Aquatic health of streams and watersheds will be assured through jurisdiction-specific management plans. Forests as a large portion of the bay landscape are excellent nutrient sinks and serve as important natural nutrient-processing centers. Forest buffers in riparian buffer strips are now recommended features along our creeks, rivers, and Bay. Buffers reduce sediment erosion and sedimentation processes as well as limiting solar heating of adjacent creeks and the habitats they represent. Additionally, because not all forests are identical with respect to nutrient processing, nor as habitat for animal populations, due to differing species composition, rooting habitats, and canopy characteristics, some forests and forest lands may be more suitable than others for manipulation/logging/development. This knowledge needs to be collated and developed.

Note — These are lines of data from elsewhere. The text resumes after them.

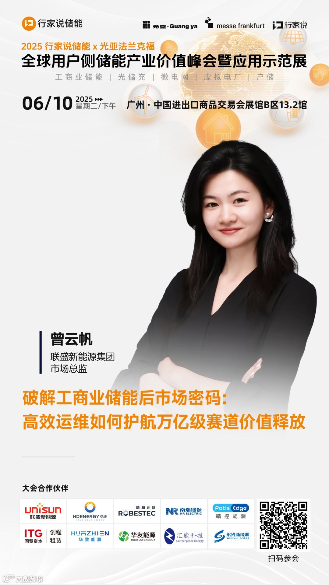 插播:531后,工商业储能何去何从?6月9日-12日,行家说储能联合光亚法兰克福举办“2025年全球用户侧储能产业价值峰会暨应用示范展”,联合业内头部企业共探工商储发展之道,点击“阅读原文”了解详情
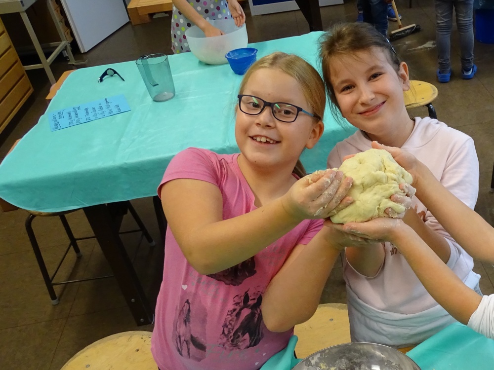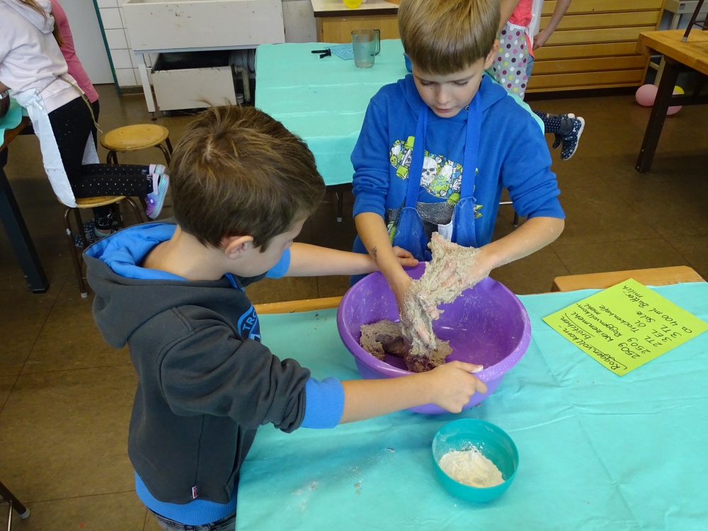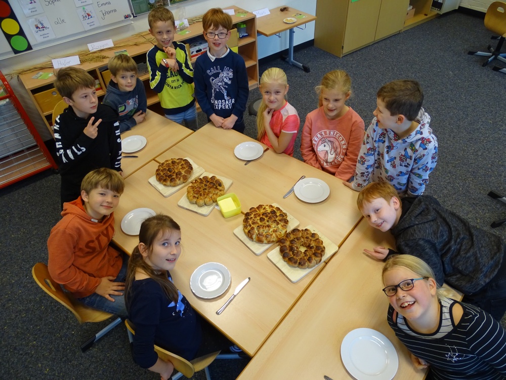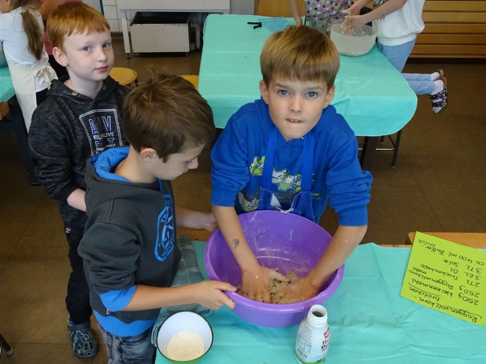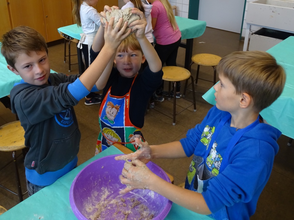 Die Getreidefelder sind abgemäht, das Korn ist eingefahren und wird zu Mehl verarbeitet. In Bäckereien werden Brot und Brötchen, Kuchen und Kekse gebacken ... Diesen langen Weg vollziehen auch alle Grundschulkinder nach - so jetzt auch unsere 3. Klassen. Als Abschluss dieses Themas haben sie aus verschiedenen Mehlsorten Brötchen gebacken.
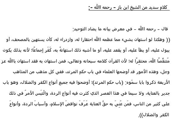 6/ وهذا قول سديد للشيخ ابن باز عن من استهان بالمصحف,
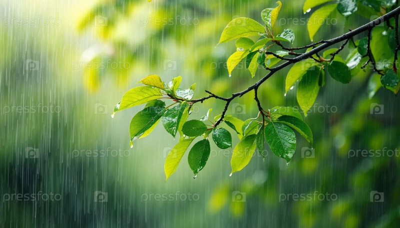 Ветвь с зелеными листьями, дождь
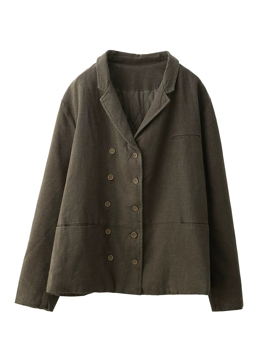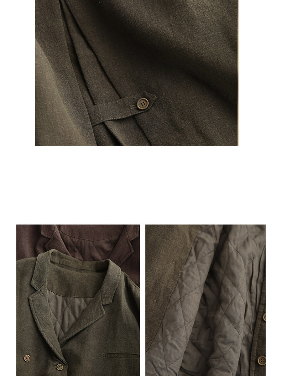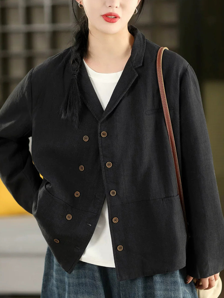 Abrigo de primavera para mujer, 100 % lino, con cuello vuelto y color puro

Streams throughout the watershed are important habitat for living resources and serve as effective nutrient-processing systems. In streams, because downstream nutrient delivery implies that export exceeds in-stream loss terms, innovative in-water measurements and predictive methods are needed to more accurately estimate loss terms and in-stream nutrient processing rates.

Recommendations

1) New Technologies: Newer chemical methods such as use of stable isotopes to assess in-water nutrient processing rates must be expanded to provide more realistic estimates of stream nutrient dynamics, including development of rate functions for modeling in-water processing to better quantify model predictions of watershed/stream export.

2) Water Processing: Manipulation of point source nutrient speciation to foster more in-water processing, e.g., denitrification, reducing nutrient export downstream might be explored in future CBP-supported planning.

3) Remote Sensing: Remote sensing technologies are routinely employed to determine forest acreage, location, and species and their use could be effectively expanded to determine encroachment of other land uses into forested area. Such approaches should be evaluated in CBP-sponsored activities.

4) Forests as Nutrient and Sediment Retention Landscapes: As forests represent large reservoirs of fixed nitrogen and effective sediment traps, research on managing forest growth/timbering to help reduce nitrogen and sediment loads should be pursued. Further, as forests become fragmented through development and altered land use, forest parcels are often heterogeneously distributed in a given region. The spatial and temporal variability in nutrient processing and sediment retention/erosion control in the fragmented forested landscapes must be evaluated particularly as it relates to historical land uses. Research is needed to determine forest acreage required for maintenance of biodiversity in plants and animals, as refuges for endemic and migratory fowl, and as effective nutrient and sediment retention sites in catchments.

5) Natural Buffering Models: Modeling buffer roles in nutrient processing and animal habitat must be expanded. This includes innovative land use models that incorporate forests as nutrient buffering zones (function of root zone, buffer width, and depth of the water table, and effect of subsurface flows that bypass buffer zones) as well as essential habitat for valuable animal species. The models, in turn, should be routinely employed in developing master plans and county zoning maps.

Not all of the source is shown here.